AI security posture management will be needed before agentic AI takes hold
As I’m currently knee deep in testing agentic AI in all its forms, as well as new iterations of current generative AI models such as OpenAI’s O1, the complexities of securing AI bot frameworks for enterprise security teams are beginning to crystallize.
The first comparison that comes to mind is what we experienced during the “on-prem to cloud” days, when we were suddenly faced with limitations in our existing security toolsets.

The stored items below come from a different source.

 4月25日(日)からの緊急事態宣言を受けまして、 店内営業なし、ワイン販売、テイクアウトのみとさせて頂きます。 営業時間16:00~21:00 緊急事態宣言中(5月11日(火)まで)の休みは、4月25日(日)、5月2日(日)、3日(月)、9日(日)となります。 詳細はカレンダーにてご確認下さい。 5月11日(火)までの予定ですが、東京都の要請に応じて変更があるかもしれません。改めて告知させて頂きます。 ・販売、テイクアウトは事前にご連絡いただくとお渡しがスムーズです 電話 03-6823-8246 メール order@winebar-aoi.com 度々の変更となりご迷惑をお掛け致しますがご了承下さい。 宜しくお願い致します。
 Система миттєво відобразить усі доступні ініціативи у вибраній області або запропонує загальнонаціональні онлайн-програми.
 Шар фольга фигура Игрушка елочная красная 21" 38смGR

Your on-prem vulnerability scanner, which was used to scan a database or VM server at an IP address, suddenly didn’t know what an AWS S3 bucket or Azure Blob was. It could not understand the context of a Lambda function or even how to scan it, and you were left with “invisible” vulnerabilities because the scanner was effectively blind to these assets. This is how cloud-native application protection platforms (CNAPPs) – tools that could do both the traditional scanning and scanning of cloud assets – came to be.
We now are faced with a similar problem with agentic AI and what will soon be an entire fabric of interconnected agentic AI frameworks across your enterprise.

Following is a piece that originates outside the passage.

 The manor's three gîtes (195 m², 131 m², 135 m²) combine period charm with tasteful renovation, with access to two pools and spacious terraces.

Let’s break the problem down first
If we take Microsoft’s agentic AI offering (Copilot Studio), which already sits on top of its own flavor of OpenAI’s GPT, the bots can be layered and deployed as standalone web applications, mobile applications, Teams channels or interactive portals embedded in client-facing applications or even social media apps such as Facebook.

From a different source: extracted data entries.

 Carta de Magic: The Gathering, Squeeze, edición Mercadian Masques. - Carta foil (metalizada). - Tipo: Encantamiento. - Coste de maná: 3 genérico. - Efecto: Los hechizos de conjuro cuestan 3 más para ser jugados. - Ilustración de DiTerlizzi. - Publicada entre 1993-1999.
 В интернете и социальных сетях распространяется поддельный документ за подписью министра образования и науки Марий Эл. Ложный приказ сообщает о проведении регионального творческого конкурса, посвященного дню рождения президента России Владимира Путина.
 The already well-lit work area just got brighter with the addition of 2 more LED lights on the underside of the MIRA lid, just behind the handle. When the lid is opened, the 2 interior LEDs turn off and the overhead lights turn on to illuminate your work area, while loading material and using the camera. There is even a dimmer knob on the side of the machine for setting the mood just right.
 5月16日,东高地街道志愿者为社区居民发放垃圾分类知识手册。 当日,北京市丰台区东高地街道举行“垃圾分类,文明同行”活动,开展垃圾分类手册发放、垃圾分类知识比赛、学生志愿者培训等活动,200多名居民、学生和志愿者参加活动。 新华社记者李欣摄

They contain their own security configurations, e.g., regarding authentication (Do you authenticate to them? If yes, how?). Then there’s cross-platform triggers and associated actions dependent on user generated content (e.g. Do I call the external application API of platform XYZ if the user says this keyword?). There’s even settings on content moderation that can hamper native AI vulnerabilities like prompt injection.
Anthropic’s implementation of agentic AI – simply called “computer use” – leverages the latest iteration of Claude (Sonnet 3.5) to effectively allow the agent native access to a user environment, right down to browser and file system actions. This, too, has its own settings. For example, you can declare your own “tools” for the bot to use. But if it leverages Bash to run commands, what permissions does it have? What browser is it using for surfing the web? Are its outbound connections “proxified”? Is it using its default Python code for opening and editing system files? As Anthropic pointed out, Claude will occasionally follow instructions in files it fetches or processes that counteract the user’s initial commands, which means it can be “distracted” from its official mission and do something else entirely.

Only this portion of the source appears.